Oh, Canada … is this the best you can do?
Sound Publishing. Black Press. The Canadian Corporate Overlords. The Evil Empire. Call them what you want, they are here and they own Whidbey Island’s three newspapers body and soul.
And yet, what has this influx of Canuck filthy lucre accomplished? How great of an investment can it really be when a one-man operation, a rebel outpost hidden in a secret bunker near Penn Cove, staffed by a guy writing on a computer fueled by three narcoleptic hamsters, is kicking your large fanny on a daily basis?

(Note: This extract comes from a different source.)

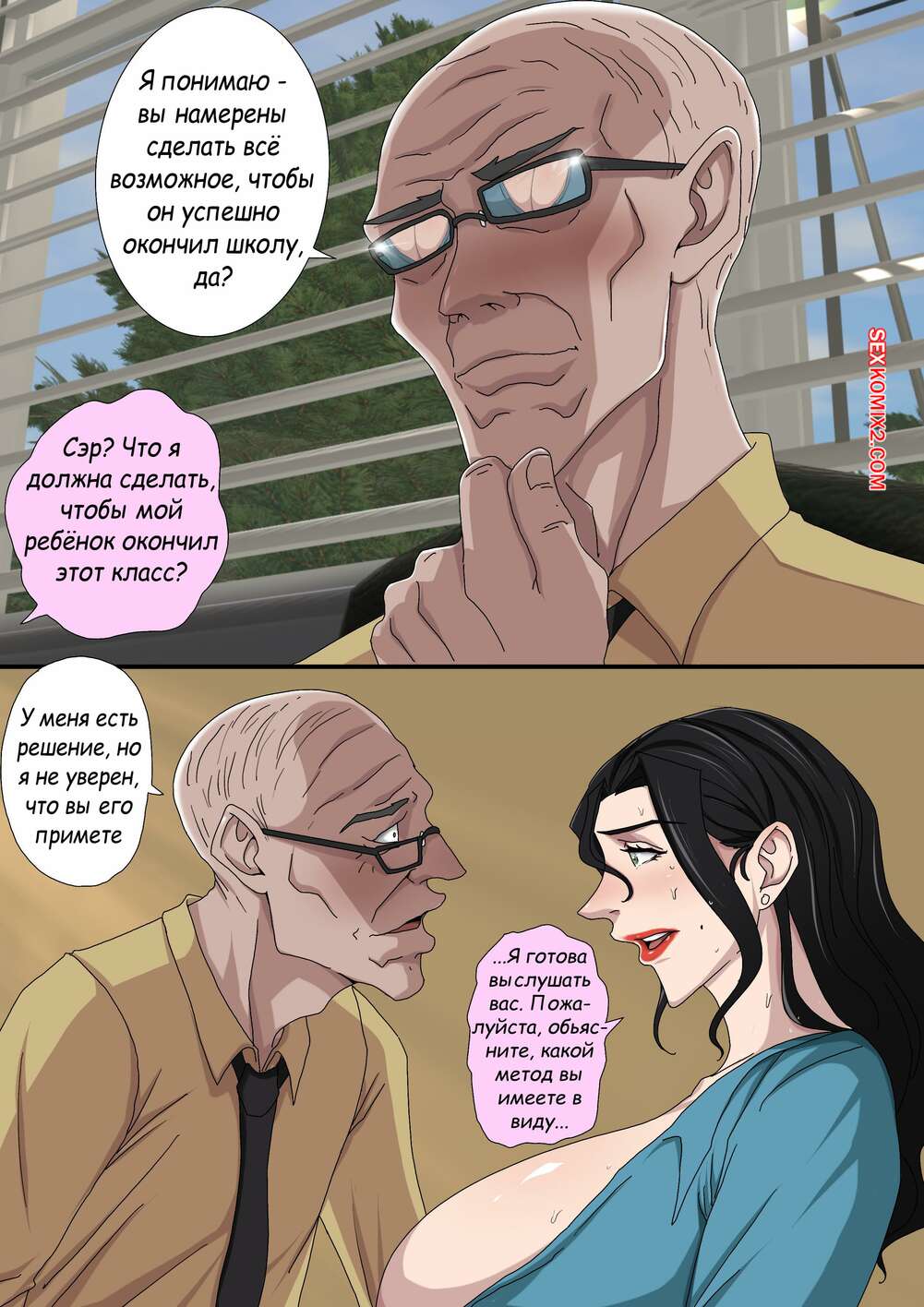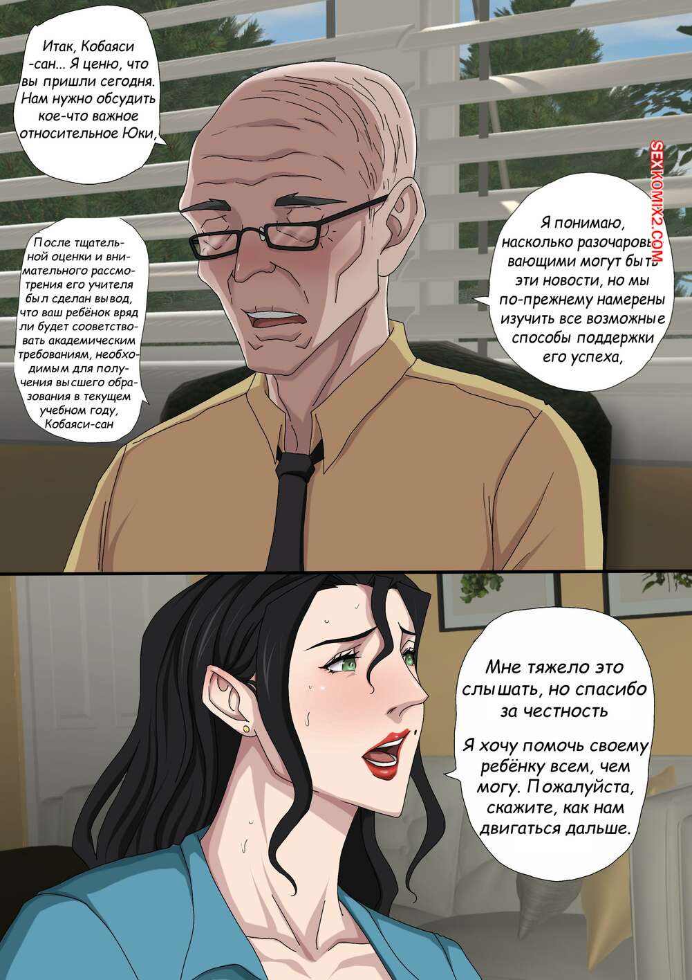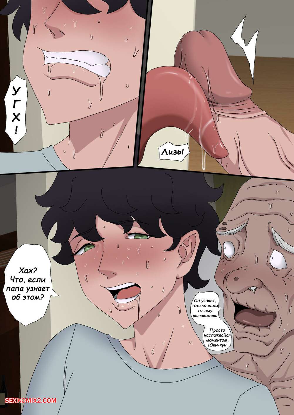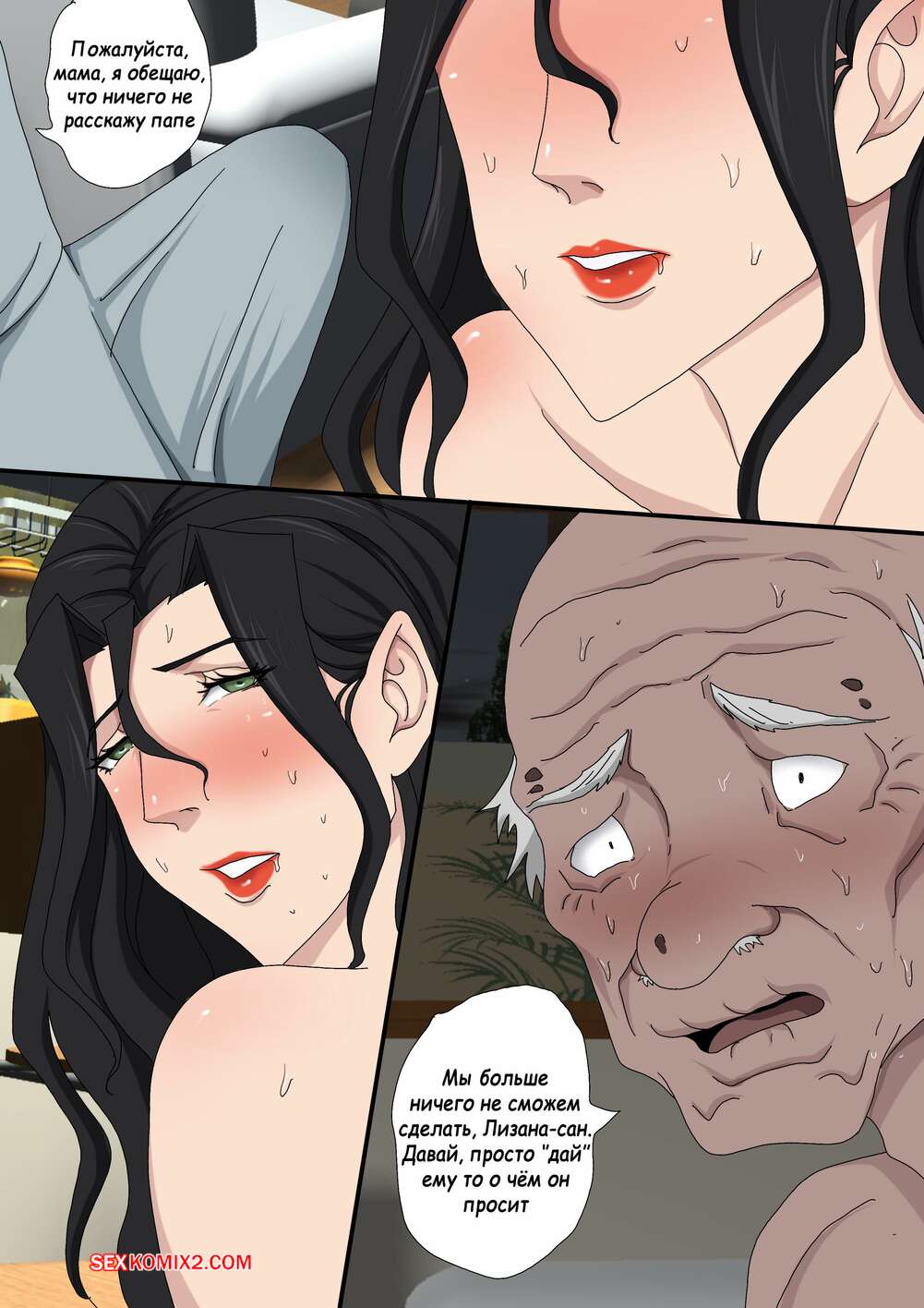 Порно комикс Греховная похоть. Часть 5.2 и 5.3. Sinful Lust. Tsumibukai yokubo Молодой парнишка спалил как его мамка трахается со стариком. Красотка хочет сохранить тайну, поэтому она стала сосать член сына, пока старик продолжал ее трахать.

I’m not using hyperbole here. I’m talking cold, hard facts and nothing but the facts, ma’am.
Friday night at about 7:30 PM, the football game between Coupeville and Orcas Island ended. A game in which the host Wolves battered the visiting Vikings 47-14 before a capacity crowd for their first win of the season. Kind of a big deal in the local market.
Of course, if you relied on the Canadian-funded newspapers, you wouldn’t have read a single word about the game for 63 hours.
Let that sink in.
In 2012, the age of the internet, the age of 24-7 news, it took 63 hours for a story and photo to appear on the web site of the biggest paper in town, the Whidbey News-Times. A paper that sits RIGHT ACROSS THE STREET from Coupeville’s football field.
From 7:30 PM on a Friday until 11:08 AM Monday morning, you could have refreshed like crazy and found nothing. Nada. Zilch. Not on the News-Times site, not on the Whidbey Examiner site, not on the South Whidbey Record site.
And, since the News-Times Saturday edition had gone to press long before the Friday night lights turned on, forget about seeing anything in print until this coming Wednesday.
Oh, Canada.
Since we’re piling on, let’s also consider CHS played both a boys’ tennis match and a girls’ soccer game Saturday. The wait on those stories — a modest 40 hours or so.
It’s enough to make a Coupeville sports fan rip out their hair. Or, turn to the one-man operation that’s beating them like a … well, I’d say rented mule, but a mule would have got there faster than the News-Times did.
During those 63 hours, from 7:30 PM Friday to 11:08 AM Monday, I put out nine stories.
Having covered the football game in person, I had a (much more exciting) story on-line an hour after the game. Then, the next day, we hit with a photo essay by Shelli Trumbull, 12 pictures that covered football action, cheerleaders, fans, Willie Smith cooking hamburgers and cute kids eating hot dogs. Oh yes, and we topped it off with a third article that featured an exclusive interview with Josh Bayne, the hero of the big win.
Toss in features on football stud/jazz drummer Danny Savalza, volleyball/tennis ace Allie Hanigan, in-person coverage of the soccer game, a report on the tennis match that included ALL of the CHS kids who played, an update on former Wolf turned college cross country star Tyler King and a piece on former Wolves Jon and Jodi Crimmins upcoming wedding anniversary and there was plenty of new material to read during those 63 hours.
You just had to forget about Canada to find it.